**Dataset extract:**
------------------------------------------------------------------------

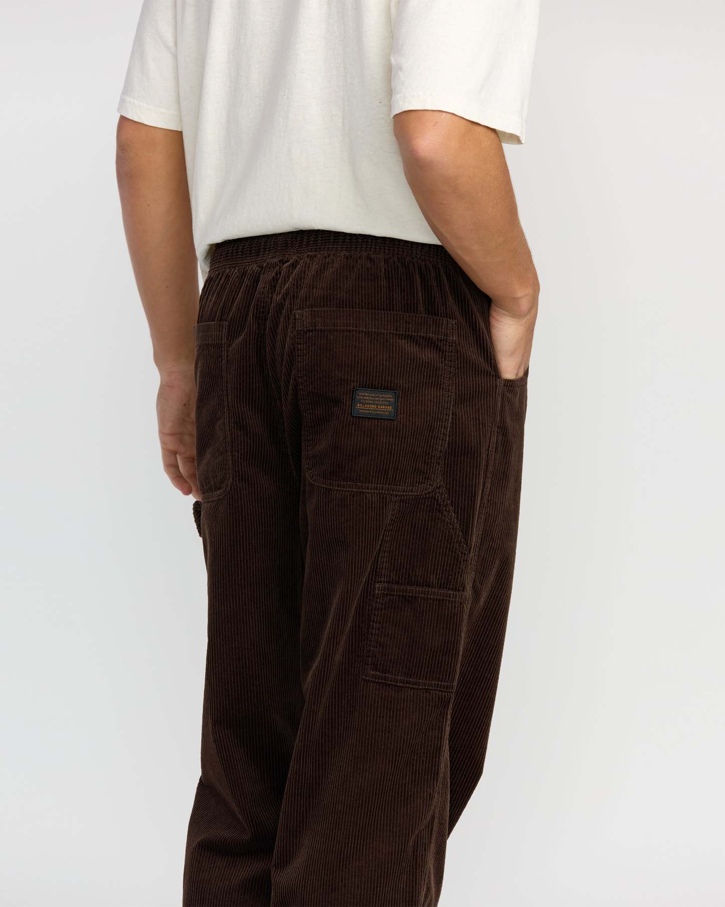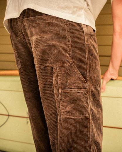 Our corduroy garage pants blend utility and comfort with a relaxed straight fit and elastic drawcord waist. Multiple pockets, including a tool loop and patch pockets, keep your essentials close at hand. Featured here in the Brown colorway.
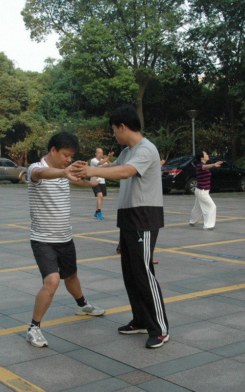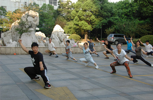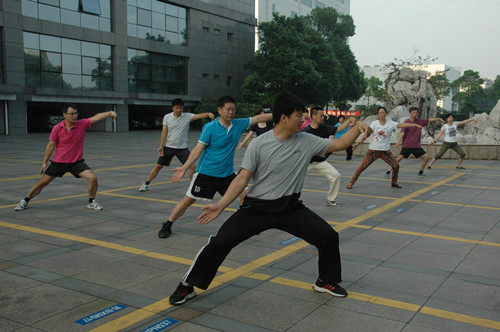 高溫繼續(xù),而學員們的熱情也持續(xù)著。有別于初始階段的動作掌握,學員們開始追求意、氣、形、神趨于圓融一體的境界,追求人與自然的融洽和諧。每一個姿勢,學員們都力求完整,每一個動作,都調整吐納。沒有一絲風的三伏天,學員們汗如雨下。衣服濕了,汗水流進眼睛刺痛了眼球,但他們?nèi)詧猿种,沒有人偷懶懈怠。
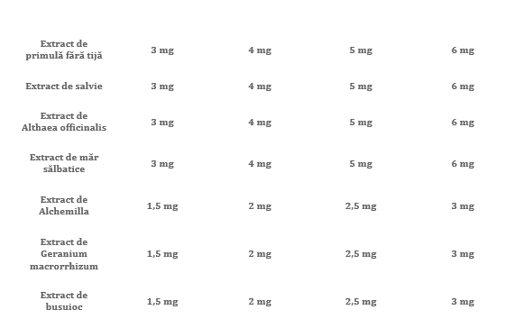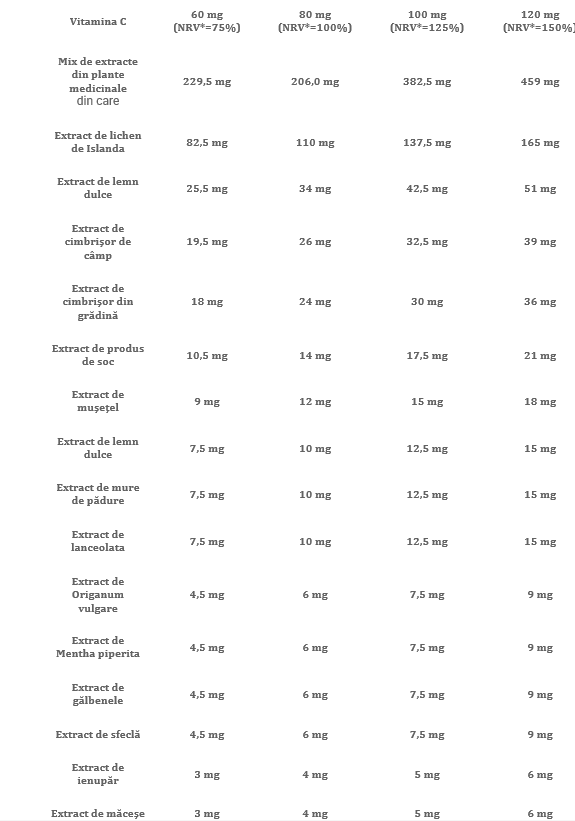 INGREDIENTE : maltodextrina (originar din porumb), agent pentru reglarea acidității (acid citric), aromă (căpșuni), mix de extracte a 22 plante medicinale (extract de lichen de Islanda, extract de lemn dulce, extract de Thymus, extractul fructului de soc, extract de mușețel, extract de lemn dulce, extract de mure sălbatice, extract de Plantago lanceolata, extract de Origanum vulgare, extract de Mentha piperita, extract de gălbenele, extract de boabe de ienupăr, extract de măceșe, extract de primula fără tijă, extract de salvie medicinală, extract de Althaea officinalis, extract de măr sălbatic, extract de Alchemilla, extract de Geranium macrorrhizum, extract de busuioc), acid ascorbic L, îndulcitor (sucraloză, glicozide de stevie), agent antiaglomerare (stearat de calciu).

------------------------------------------------------------------------

**Instructions for the task:**
Pictures aside, write out verbatim every line from the first line of the material through the line holding "高溫繼續(xù),而學員們的".

**Your response:**
 Our corduroy garage pants blend utility and comfort with a relaxed straight fit and elastic drawcord waist. Multiple pockets, including a tool loop and patch pockets, keep your essentials close at hand. Featured here in the Brown colorway.
 高溫繼續(xù),而學員們的熱情也持續(xù)著。有別于初始階段的動作掌握,學員們開始追求意、氣、形、神趨于圓融一體的境界,追求人與自然的融洽和諧。每一個姿勢,學員們都力求完整,每一個動作,都調整吐納。沒有一絲風的三伏天,學員們汗如雨下。衣服濕了,汗水流進眼睛刺痛了眼球,但他們?nèi)詧猿种,沒有人偷懶懈怠。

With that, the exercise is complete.